NCPA - National Center for Policy Analysis

Export Licensing Systems Slow Energy Growth

February 28, 2013

The shale gas revolution has the potential to boost exports of liquefied natural gas (LNG) and crude oil and drive economic growth for decades to come. Unfortunately, outdated federal regulations restrict exports, distort domestic energy prices and deter investment. The archaic licensing systems that impose these regulations are holding back the development of America's cast energy resources, says Scott Lincicome, an adjunct scholar with the Cato Institute.

  • Advances in hydraulic fracturing and horizontal drilling have driven domestic gas and oil prices below international market prices, which makes exporting a profitable endeavor.
  • Prices in Japan, the world's largest natural gas consumer, were five times U.S. prices, and European prices were three to four times higher.
  • With America set to become a net natural gas exporter by 2020 and virtually self-sufficient in energy by 2035, fossil fuel export restrictions and pending applications are limiting U.S. energy producers.

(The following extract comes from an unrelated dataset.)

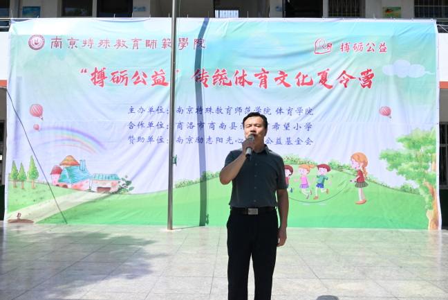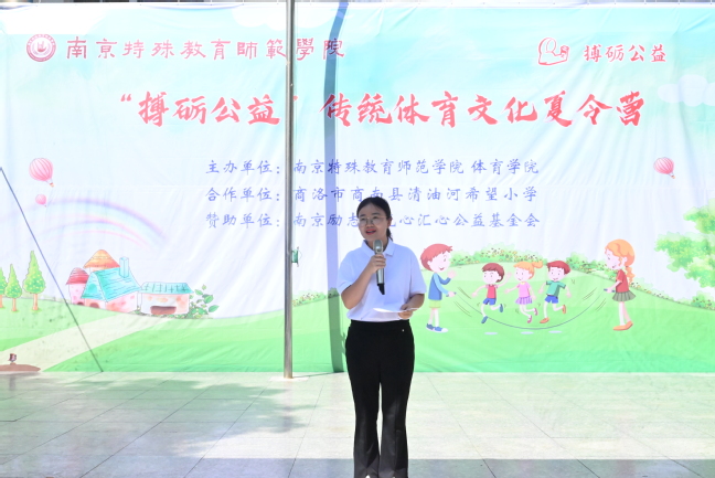 支教队队长梁一端介绍了此次夏令营即将开展的五步拳、武术操、三路长拳等传统体育文化相关课程,并表示将恪守从教准则,发扬“更高、更快、更强、更团结”的体育精神,用年轻的奉献和冲劲投入到乡村支教事业中。

Under the current regulatory market, all natural gas exports must be authorized by the Department of Energy (DOE) and must "be consistent with public interest." Exports to free trade agreement (FTA) countries are quickly approved because they are in the public interest, but exports to non-FTA countries have been restricted due to the DOE's decision-making process.

Crude oil exports are regulated by the Bureau of Industry and Security (BIS), under authority granted to it by the Energy Policy and Conservation Act of 1975. The BIS uses its own discretion in determining whether exports meet U.S. national interest.

  • The DOE also exercises complete discretion in examining natural gas export applications and has only approved one of the 17 total applications since 2010.
  • Economically, limiting exports could depress domestic prices, discourage investment, destabilize the domestic energy market, and cost significant jobs and profits.
  • Legally, export restrictions could cause to United States to violate trade agreements.
  • Current policy is at odds with the National Export Initiative and its goal of doubling U.S. exports between 2009 and 2014.

The opaque export licensing systems of U.S. LNG and crude oil are hindrance to American progress. To fix them, President Obama should order the immediate approval of all pending licensing applications and then push for more transparent and consistent export licensing mechanisms for all energy sources.